Selecting the action takes you to the details flyout of the message in quarantine. It's the same result as going to the Email tab on the Quarantine page at https://security.microsoft.com/quarantine?viewid=Email, and selecting the message by clicking anywhere in the row other than the check box next to the first column. For more information, see View quarantined message details.
Release: Available for messages that were quarantined by features using a quarantine policy with the Full access permission group or the individual Allow recipients to release a message from quarantine (PermissionToRelease) permission.
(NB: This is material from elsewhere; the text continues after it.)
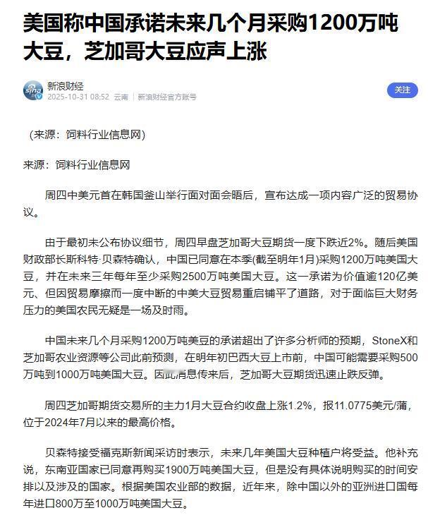 果然不出国人之所料,中方刚答应采购1200万吨美国大豆,美国贸易代表就通告全球,宣布要继续针对中国的301调查。 2025年上半年的美国大豆市场简直是一片愁云惨雾,历史第六高的收成遇上了中国这个最大买家的“零进口”,仓库堆得满满当当甚至塌了好几座,伊利诺伊州的农场主每英亩要亏100到200美元,只能靠政府补贴勉强保住祖传的土地。 中国这1200万吨采购单一落地,芝加哥期货交易所的大豆价格立马冲到15个月新高,而且中方还承诺了未来三年每年2500万吨的长期订单,这波操作直接让美国农业稳下心来。 可美国转头就把301调查的老套路搬出来了,这招早在2018年就试过,当时就没占到便宜,2025年还玩这套纯属自欺欺人。这次的调查盯着中国海事、物流和造船业,算盘打得全球都能听见:想靠收天价靠港费补贴自己衰败的造船业。 按他们2025年4月公布的新方案,到2028年之后,中国航运企业的10000TEU集装箱船单次靠港费能涨到756万美元,这费用能占到运价的53%,摆明了是想逼中国企业退出北美航线。 可他们忘了自己的造船业早就垮了,2024年全年才建成5艘大型商船,产能不足全球1%,造船成本还是亚洲国家的5倍,不靠讹诈根本没竞争力。 讽刺的是,美国农民早就被贸易战折腾得够呛。2018年关税战那会,美国大豆对华出口份额就从41%一路下滑,巴西趁机把份额涨到了79.9%,这些市场丢了就很难捡回来。 2025年上半年美国农场破产数量创下四年新高,化肥、农机价格涨得离谱,驱逐移民还导致劳动力短缺,特朗普政府喊着给150亿美元补贴,结果按法律上限只能给3.5亿,对450亿美元的农业损失来说就是杯水车薪。 威斯康辛州的啤酒厂因为关税成本涨40%被迫裁员20人,其他行业也跟着抗议,觉得政府在“挑选赢家”,这内部矛盾早就藏不住了。 美国贸易代表大概以为301调查是万能钥匙,却没算清中国早就不是任人拿捏的角色。2025年吉隆坡经贸磋商里,美方本来都答应暂停海事领域的301调查一年,结果刚拿到大豆订单就反悔,这种出尔反尔的操作只会砸自己的招牌。 要知道亚洲到美西航线35%的货物都靠中国航运公司或中国造船舶承运,真把中国企业逼走了,美国港口的货物周转都得卡壳,更别说靠港费的算盘也得落空。 其实美国大豆协会早就看得明白,他们8月给特朗普写信直言“我们要的是市场不是补贴”,可华盛顿的政客眼里只有霸权那点事。中国愿意买大豆是务实合作,毕竟国内的饲料、榨油行业需要原料,但这绝不等于跪着合作。 2024年中国从美国进口大豆才128亿美元,占总出口的25%,真要是断了合作,巴西、阿根廷早就等着补位,毕竟巴西93%的大豆出口都靠中国撑着。 美国要是真把301调查的措施落地,最后只会砸自己的脚。且不说中国能轻松转向其他供应国,单说美国农业离了中国市场就得崩盘——每年千百亿美元的靠港费就算能收到,也补不上大豆出口的窟窿,更救不了那些快破产的农场主。 这种一边啃着中国给的面包,一边挥着棍子打喂面包的手的操作,说到底就是霸权思维没转过来,真等中国彻底转向其他供应国,再想把订单抢回来可就没那么容易了。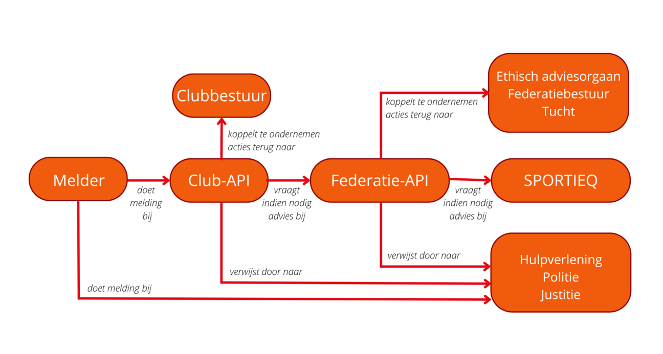 - Aanpak: De club-API neemt elke vraag of melding ernstig. De club-API – eventueel bijgestaan door een noodteam – volgt daarbij een logisch stappenplan (handelingsprotocol): de club-API vormt zich een beeld van de situatie, schat de ernst in, en verleent de melder vervolgens informatie en advies of verwijst door. Bij vermoedens of aanwijzingen van ernstig grensoverschrijdend gedrag (rood of zwart) is het niet de taak van de club-API om zelf hulp te verlenen of op onderzoek uit te gaan, maar verwijst hij door naar de federatie-API en/of deskundigen (hulpverlening, politie en justitie).

For example, DefaultFullAccessWithNotificationPolicy, NotificationEnabledPolicy, or custom quarantine policies.
Selecting the action opens an informational web page that acknowledges the message was released from quarantine (for example, Spam message was released from quarantine). The Release status value of the message on the Email tab of the Quarantine page is Released. The message is delivered to the user's Inbox (or some other folder, depending on any Inbox rules in the mailbox).
Users can't release their own messages that were quarantined as malware by anti-malware or Safe Attachments policies, or as high confidence phishing by anti-spam policies, regardless of how the quarantine policy is configured. If the policy allows users to release their own quarantined messages, users are instead allowed to request the release of their quarantined malware or high-confidence phishing messages.
Request release: Available for messages that were quarantined by features using a quarantine policy with the Limited access permission group or the individual Allow recipients to request a message to be released from quarantine (PermissionToRequestRelease) permission. For example, custom quarantine policies.
Selecting the action opens an informational web page that acknowledges the request to release the message from quarantine (The message release request has been initiated. The tenant admin will determine if the request should be approved or denied.). The Release status value of the message on the Email tab of the Quarantine page is Release requested.
Block Sender: Available for messages that were quarantined by features using a quarantine policy with the Full accessor Limited access permission group, or the individual *Block sender (PermissionToBlockSender) permission. For example, DefaultFullAccessWithNotificationPolicy, NotificationEnabledPolicy, or custom quarantine policies.
For this action to work correctly, users need to be enabled for remote PowerShell. For instructions, see Enable or disable access to Exchange Online PowerShell.
This action opens an informational web page to acknowledge that the message was added to the Blocked Senders list in the user's mailbox (for example, Spam message sender was blocked in quarantine).
For more information about the Blocked Senders list, see Block messages from someone and Use Exchange Online PowerShell to configure the safelist collection on a mailbox.
The organization can still receive mail from the blocked sender. Messages from the sender are delivered to user Junk Email folders or to quarantine. To delete messages from the sender upon arrival, use mail flow rules (also known as transport rules) to Block the message.